Metamorphosis
Metamorphosis

 

From Mini Monster

Imagine an insect that looks so shocking- even though it's only the size of your fingernail- that Hollywood used it as a model for an extraterrestrial monster in Star Trek II: The Wrath of Khan.

Imagine an insect that hunts food so efficiently that it simply waits patiently at the bottom of a pit that it digs, and when its helpless victims fall unexpectedly into the trap, it pounces upon them with tiny, razor-sharp jaws.

Imagine an insect that devours its prey (usually ants and small spiders) so thoroughly that it liquefies its quarry's inner organs, sucks out the nourishment, and leaves behind an empty skeleton.

To Winged Beauty

If you can imagine this frightening creature, you have an accurate picture of an ant lion during the earliest stage of its life cycle. But the fierce-looking ant lion spends the last days of its life as a harmless four-winged creature, flitting around campfires and porch lights on late summer evenings. Like butterflies, ant lions change form as they develop from an egg to an adult. Scientists call this complete physical transformation a metamorphosis.
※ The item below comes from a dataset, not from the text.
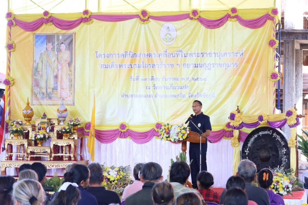 นายพรชัย ทุราช เกษตรอำเภอเทพสถิต และเจ้าหน้าที่สำนักงานเกษตรอำเภอเทพสถิต ร่วมกับสำนักงานเกษตรจังหวัดชัยภูมิ จัดโครงการคลินิกเกษตรเคลื่อนที่ในพระราชานุเคราะห์ สมเด็จพระบรมโอรสาธิราช ฯ สยามมกุฎราชกุมาร ปีงบประมาณ พ.ศ. 2569 ครั้งที่ 1 โดยมี นางสาวกังสดาล ชาตกุล เกษตรจังหวัดชัยภูมิ กล่าวรายงานวัตถุประสงค์ของโครงการ และนำชมนิทรรศการเฉลิมพระเกียรติ ในการนี้ นายอนุชา อินทศร รองผู้ว่าราชการจังหวัดชัยภูมิ เป็นประธานพิธีเปิดโครงการดังกล่าว เพื่อให้เกษตรกรในพื้นที่ห่างไกลสามารถเข้าถึงการบริการทางการเกษตร และได้รับการแก้ไขปัญหาด้านการเกษตรอย่างครบวงจรในคราวเดียวกัน รวมถึงบูรณาการความร่วมมือระหว่างหน่วยงานวิชาการ หน่วยงานส่งเสริมการเกษตร ศูนย์เรียนรู้ภาคการเกษตร การจัดแสดงผลงานของกลุ่มเกษตรกรในการศึกษาเรียนรู้การให้บริการและแก้ไขปัญหาทางการเกษตร ณ วัดยางเกี่ยวแฝก ตำบลวะตะแบก อำเภอเทพสถิต จังหวัดชัยภูมิ

There are four stages in a complete metamorphosis: egg, larva, pupa, and adult. In reality, the mini-monster that inspired an imaginary beast in a science-fiction film is the larval stage of the immature ant lion. Immediately after it hatches from its egg, the ant lion larva digs a pit in soft sand, trapping and consuming increasingly larger insects. When the ant lion larva is fully grown (often two or three years after hatching), it secretes a silky substance and spins a cocoon. Inside the remarkable shelter, the pupa develops, and after several weeks, a winged adult crawls out and flies away, seeking a mate.

The Human Cocoon
Although humans don’t experience a complete physical metamorphosis, we have the ability to change our behavior once we recognize we have fallen short of our highest potential. Judaism calls this transformation teshuvah, returning. Although it’s possible to start teshuvah at anytime, the ten days between Rosh Hashanah and Yom Kippur resemble a special spiritual cocoon, when our tradition states that God is near, giving us the strength to improve ourselves.